Setting down the omelette on the desk in front of my computer, I felt the chilly breeze on my bare shoulders. I flipped on the space heater that remains in my desk-depths, available to heat my shins during the few days when it actually grows cold in Texas. The current through the open window brought with it a smell of cigarette from outside, which I found peculiar since it was 7:15 am, and, well, none of my neighbors smoke.
Focused on my project and almost ready to place it before the public eye, I noticed the cigarette smell becoming stronger and more pungent, as if the unidentified morning tobaccoist was approaching my window. A bit curious, I looked around down the side of the building and saw nothing. Suddenly, I heard some screeching noise from my kitchen immediately thereafter, and then some ferocious banging and clanging. Violent, violent sounds!
I rushed into the kitchen to find my Bialetti™ laying down on the open flame of my stove, espresso spewing everywhere, and some of it aflame below. I rushed to turn off the stove before anything else, trying to install some prioritization or hierarchy to my thoughts in the midst of the madness.

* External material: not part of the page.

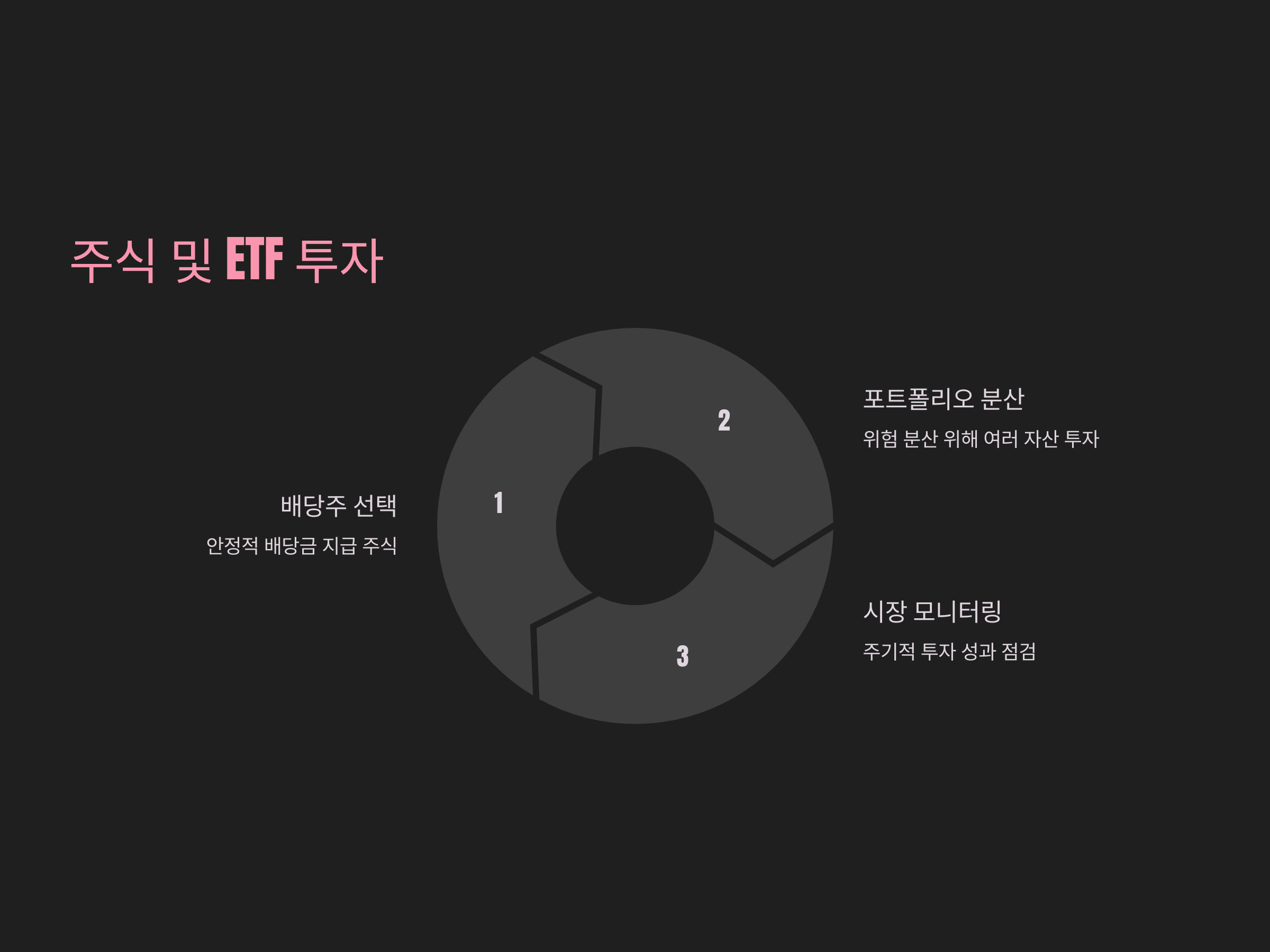 주식 및 ETF 투자는 부동산보다 적은 초기 자본으로도 시작할 수 있는 장점이 있습니다. 이 방법은 잘 활용하면 안정적인 월 수입을 기대할 수 있는 좋은 방법입니다.
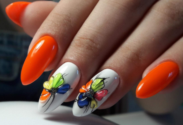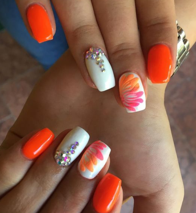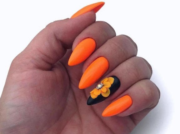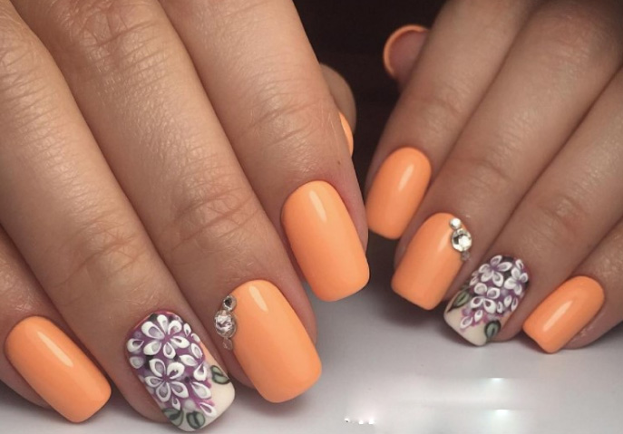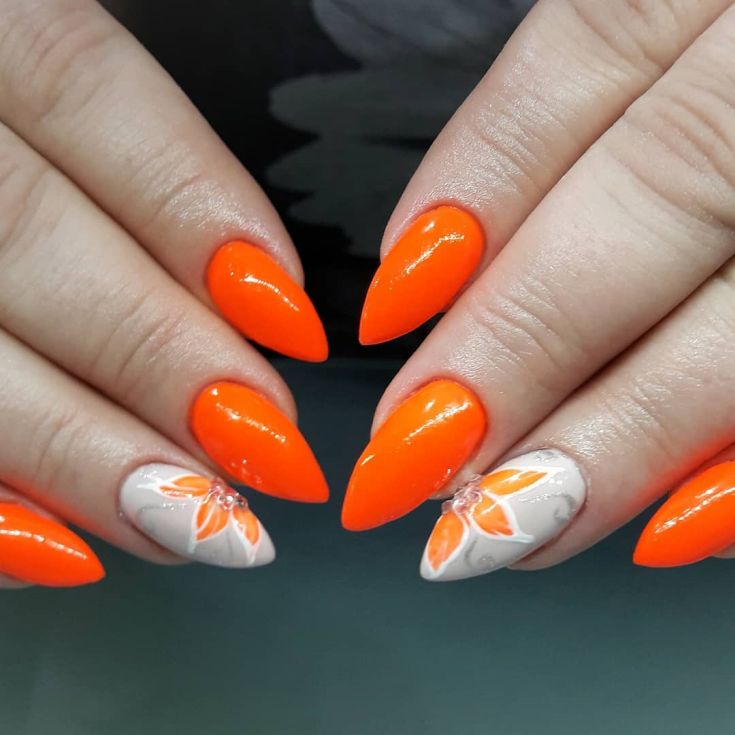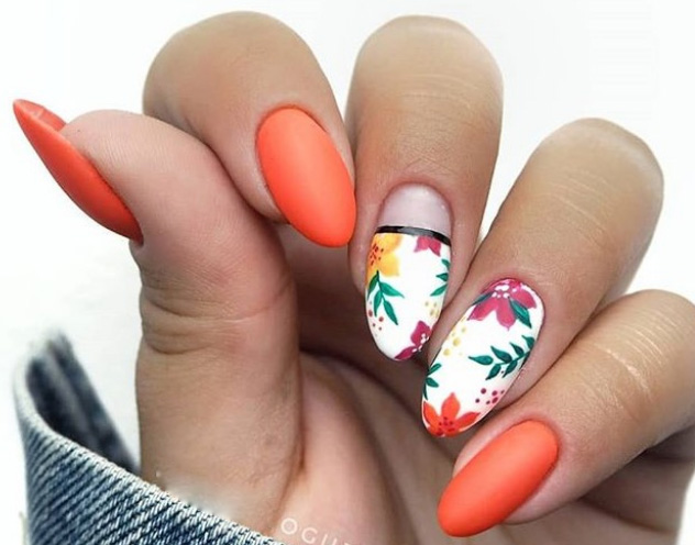 Цветы на ногтях — беспроигрышный вариант, когда нужно создать нежный, но в то же время свежий и дерзкий образ. Не стоит искать в природе цветы апельсинового оттенка, вы можете придумать их самостоятельно.

Having neither a fire blanket handy nor a pair of oven mitts or, well, anything that would have been helpful in this situation, I instinctively I reached down for the rug below my refrigerator door and threw it on the fire, across the side-spun espresso maker and the coffee spewing from its spout.
When the flame finally died, I took the rug into the bathroom, left it strung out arcross the side of the bathtub and returned to the kitchen and filled the Bialetti with another batch of Peruvian single-origin, determined to have my demitasse full.
It’s been nearly twentyfourhours since I last
slept longer than five minutes, and I can’t quite
figure out why. Today, while playing a stringed
instrument, I’ll appear a revenant. A Caribbean zombie
has the right idea – rising out of a grave and all –
but misses the Mark. I need regeneration
[physicallyinsleep, but that ain't the All of it].